[Given records]

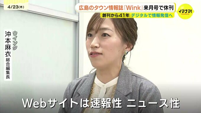 創刊41年を迎えた広島のタウン情報誌「Wink」についてです。月刊誌を来月号で休刊し、デジタルメディアとして情報発信することになりました。
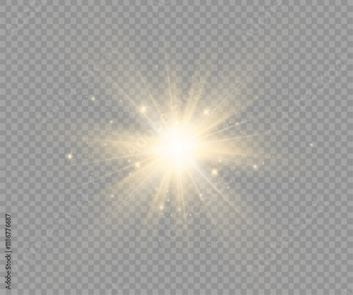 Light effects, glare, glitter, explosion, golden light, Vector illustration. shining golden stars.
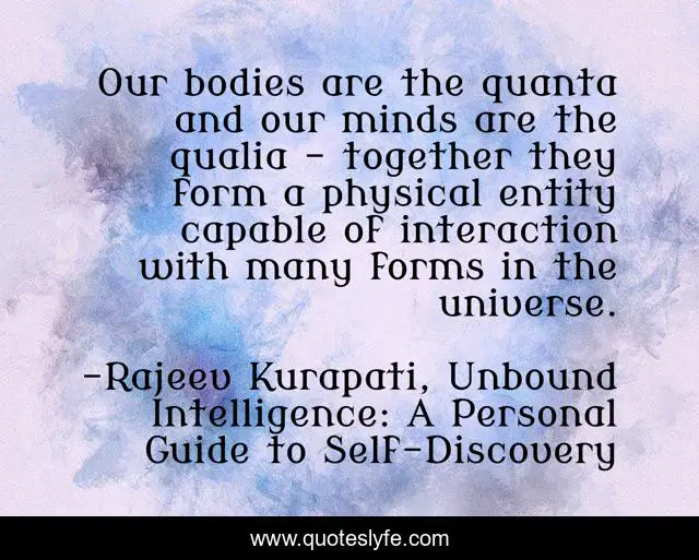 This page presents the quote "Our bodies are the quanta and our minds are the qualia - together they form a physical entity capable of interaction with many forms in the universe.". Author of this quote is Rajeev Kurapati, Unbound Intelligence: A Personal Guide to Self-Discovery. This quote is about god, quanta, mind-body, qualia, universe,.
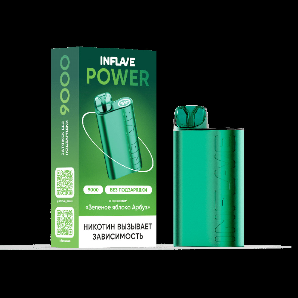 Электронная сигарета INFLAVE POWER 9000 затяжек Зеленое Яблоко Арбуз - купить в Астрахани
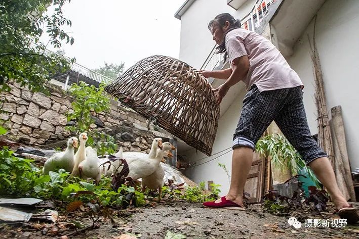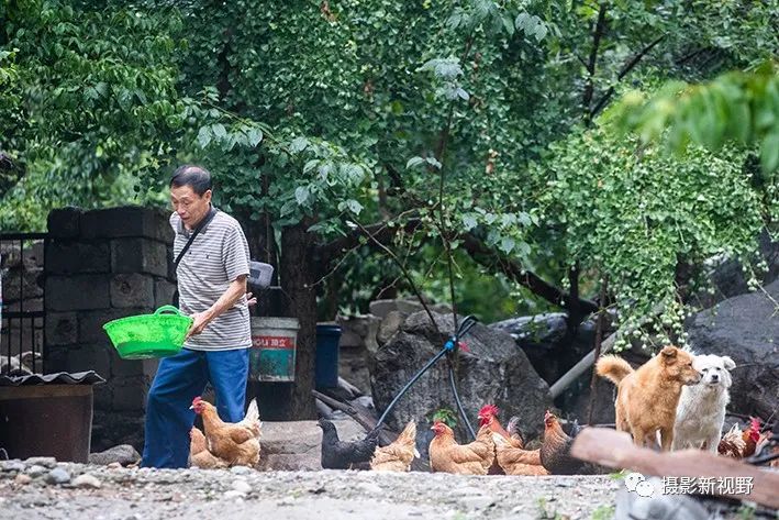 村民忙了。这位大伯在古银杏树下养了很多土鸡,用来招待游客。
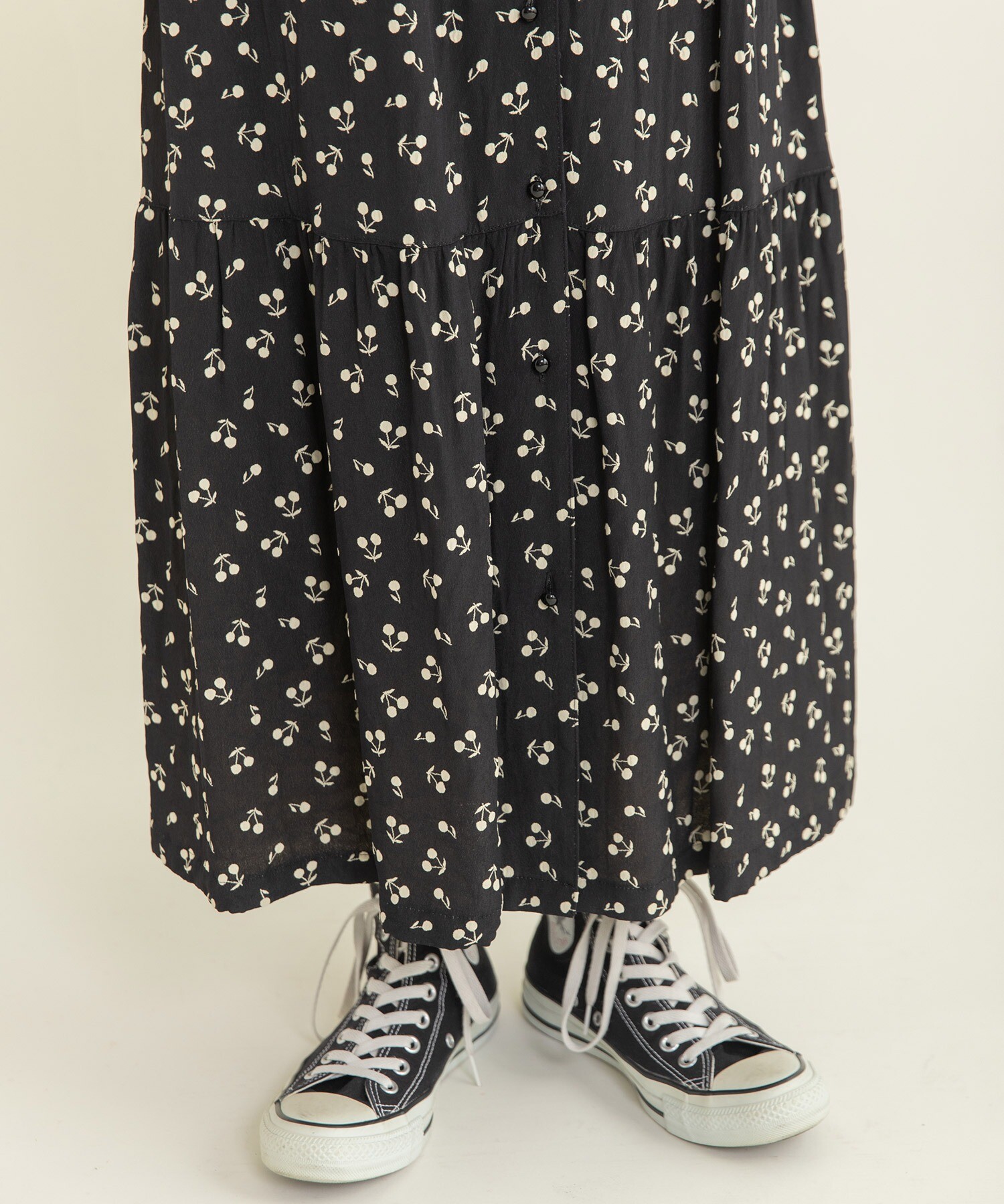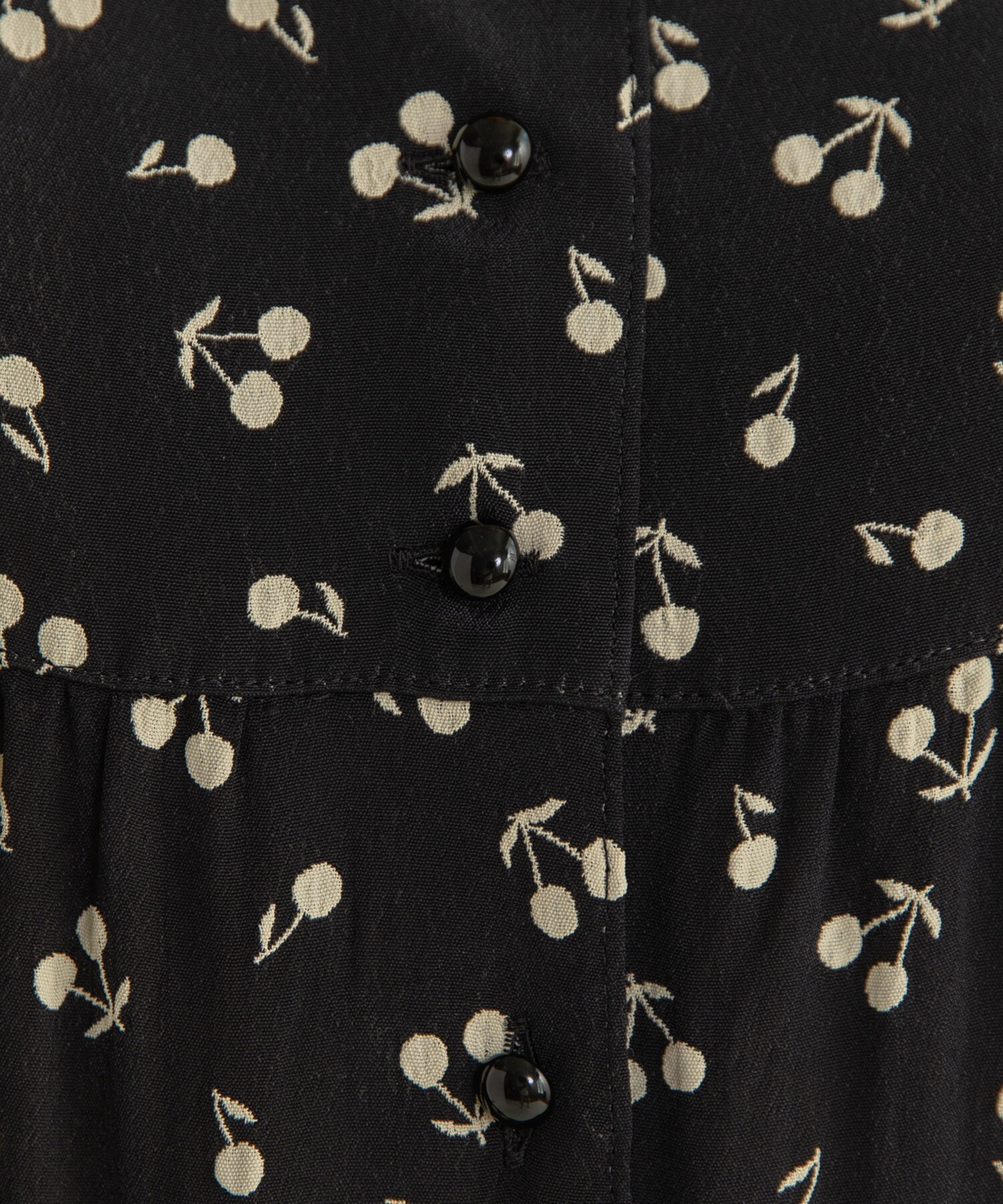 落ち着いたクロベースなので、チェリーモチーフでも甘すぎず、モノトーンの配色でクラシカルな印象に。

[/Given records]

Transcribe exactly the span of lines from the line holding "Light effects, glare, glitter, explosion, golden" through the last line above, both included. Pictures stay out.

 Light effects, glare, glitter, explosion, golden light, Vector illustration. shining golden stars.
 This page presents the quote "Our bodies are the quanta and our minds are the qualia - together they form a physical entity capable of interaction with many forms in the universe.". Author of this quote is Rajeev Kurapati, Unbound Intelligence: A Personal Guide to Self-Discovery. This quote is about god, quanta, mind-body, qualia, universe,.
 Электронная сигарета INFLAVE POWER 9000 затяжек Зеленое Яблоко Арбуз - купить в Астрахани
 村民忙了。这位大伯在古银杏树下养了很多土鸡,用来招待游客。
 落ち着いたクロベースなので、チェリーモチーフでも甘すぎず、モノトーンの配色でクラシカルな印象に。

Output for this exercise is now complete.